**Activity:** For this exercise, the lines from the one with "再び1郭北側の大堀切まで戻り" through the end of the material below must be output exactly, without pictures.

**Stored data:**

------------------------------------------------------------

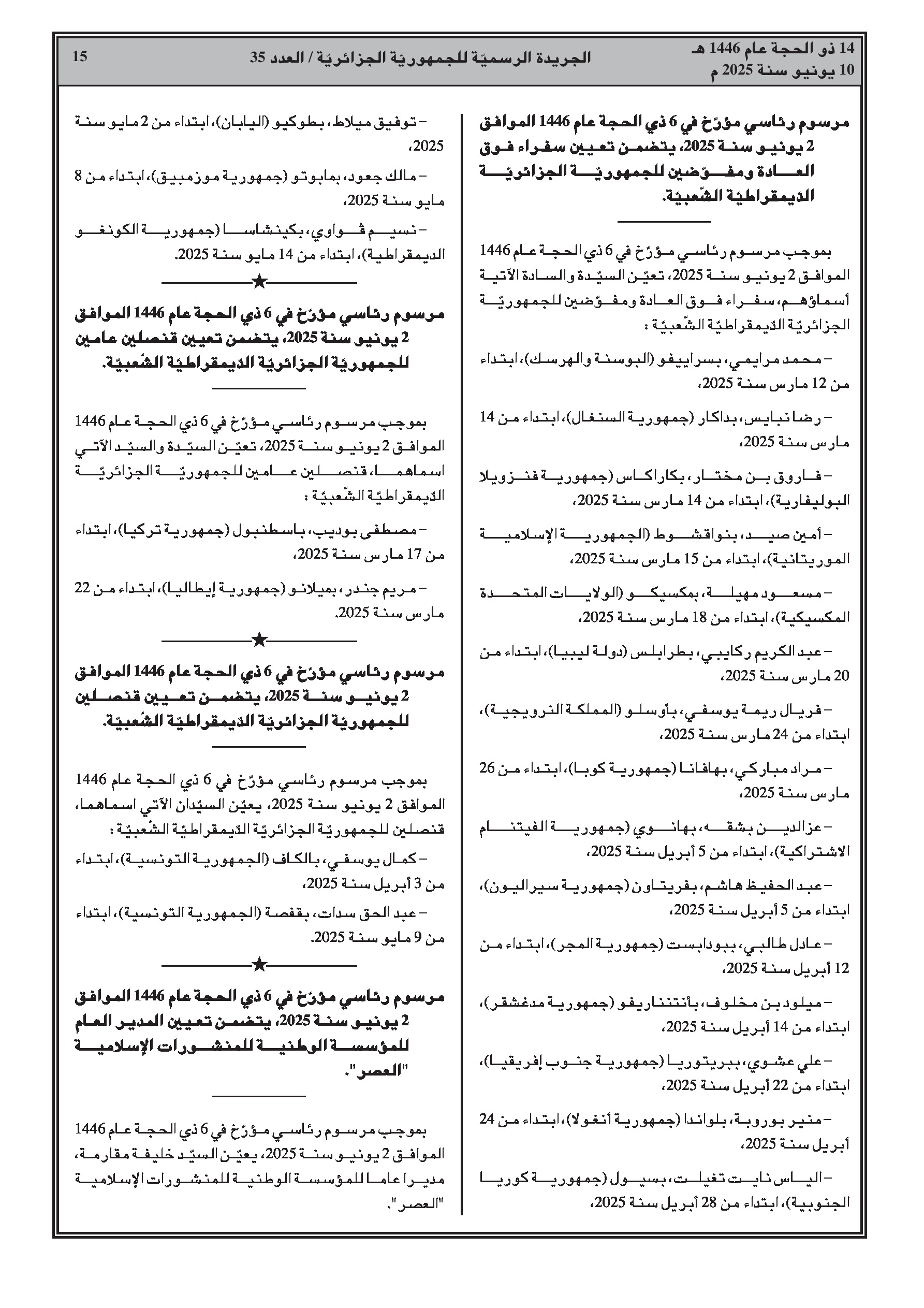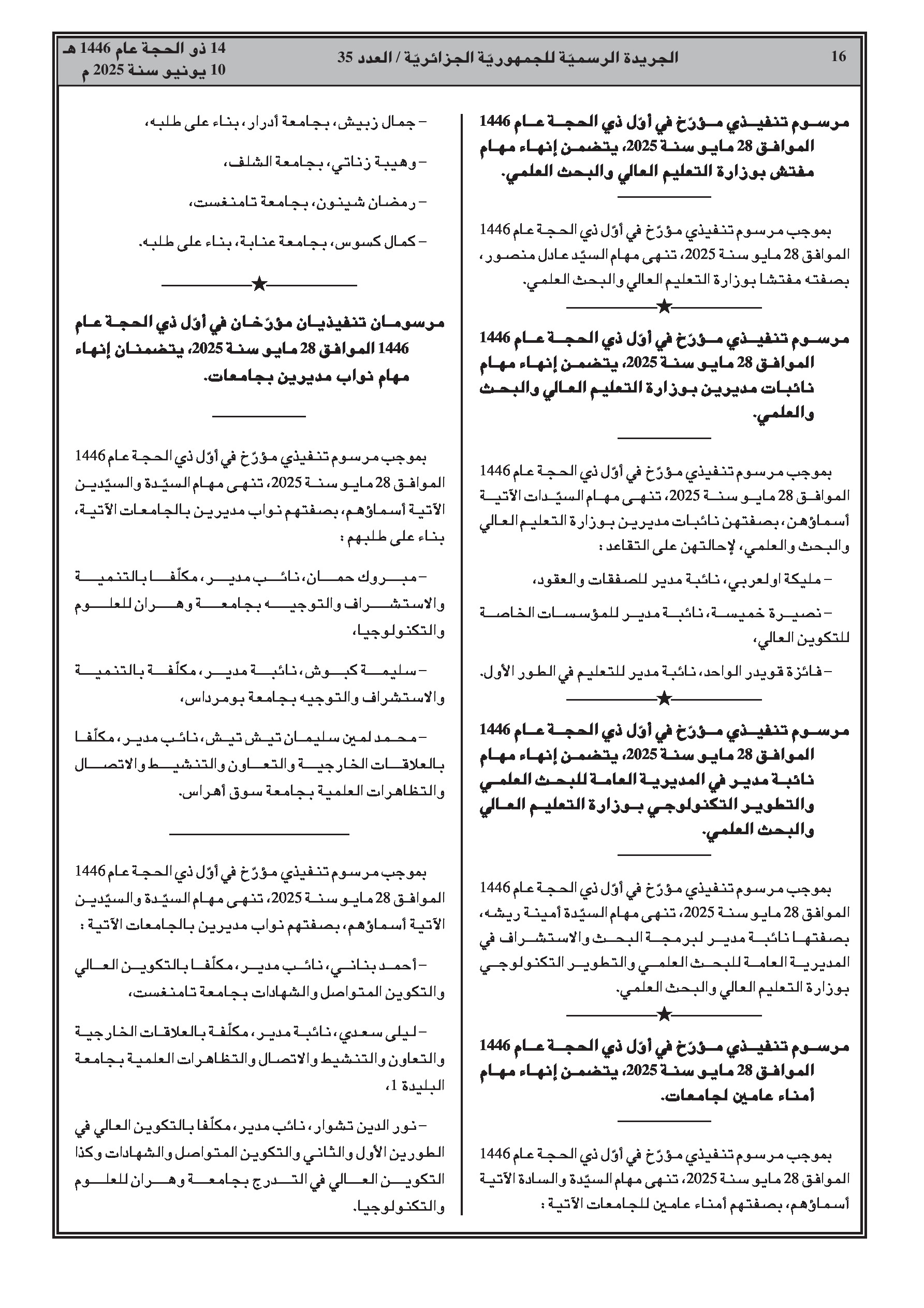مراسيم متعددة تعلن عن تغييرات واسعة في الموظفين، تشمل إنهاء مهام وتعيينات جديدة لـ: مديرين، مدراء فرعيين، سفراء، وقناصل بوزارة الشؤون الخارجية؛ المدير العام لدار النشر الإسلامية 'العصر'؛ مفتش، مديرات فرعيات، أمناء عامين للجامعات، نواب مديري الجامعات، وعمداء كليات في قطاع التعليم العالي. بالإضافة إلى ذلك، لوحظت تغييرات على مستوى المديرين (إنهاء مهام وتعيينات) في قطاعات العلوم البيطرية، الصيد البحري، الموارد المائية، السياحة، الطاقة، الفلاحة، ومديريات الصحة الولائية.
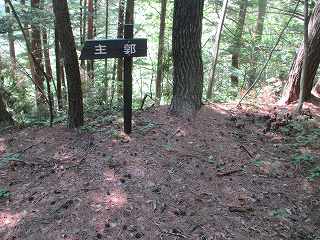 再び1郭北側の大堀切まで戻り、主城域に入って行く。1郭には「主郭」と書かれた案内が立てられていた。1郭は南北に長く、その先に切岸があり、2郭に接続する。また、側面部には帯曲輪が数段造成されている。これらの帯曲輪も切岸造成を行った際に生じたものであり、居住性のあるものではない。
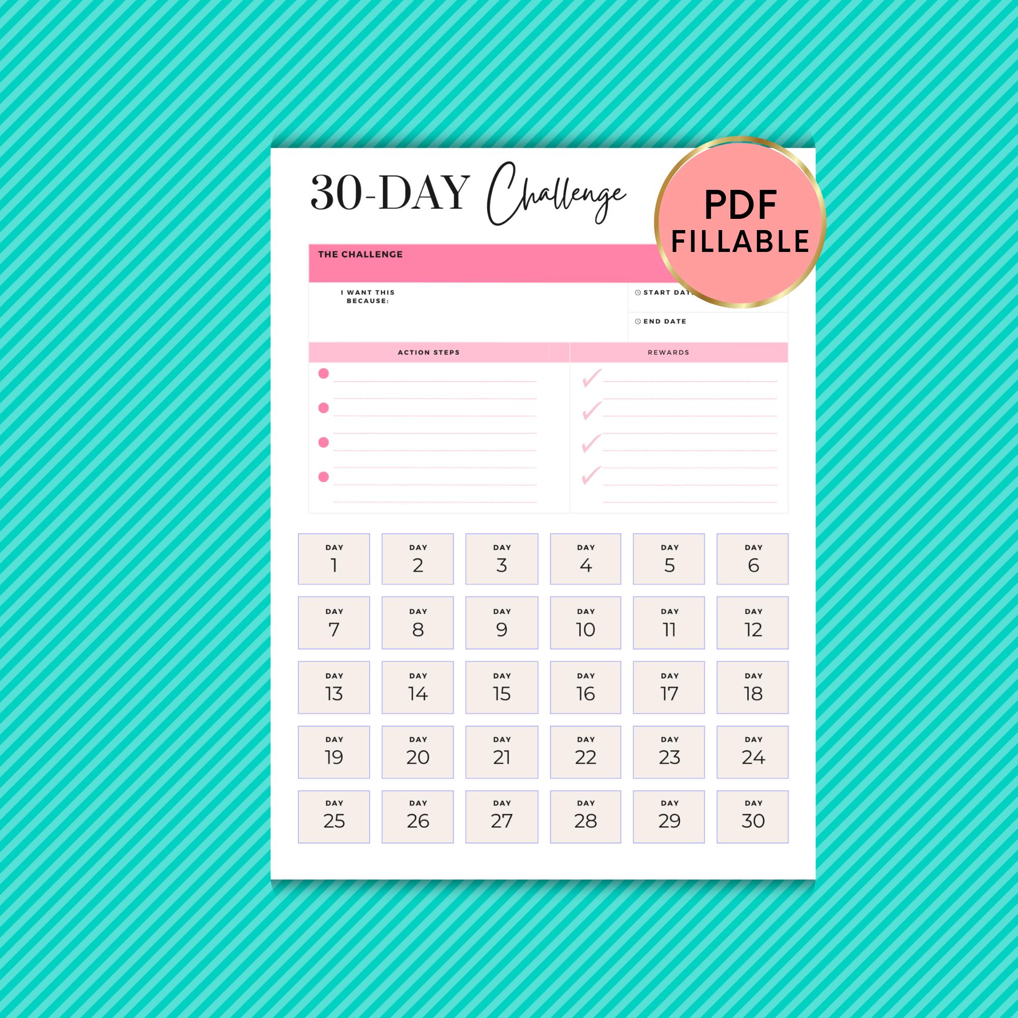 30-Day Challenge Printable Template | Goal and Habit Tracker PDF ...

------------------------------------------------------------

**Answer box:**
 再び1郭北側の大堀切まで戻り、主城域に入って行く。1郭には「主郭」と書かれた案内が立てられていた。1郭は南北に長く、その先に切岸があり、2郭に接続する。また、側面部には帯曲輪が数段造成されている。これらの帯曲輪も切岸造成を行った際に生じたものであり、居住性のあるものではない。
 30-Day Challenge Printable Template | Goal and Habit Tracker PDF ...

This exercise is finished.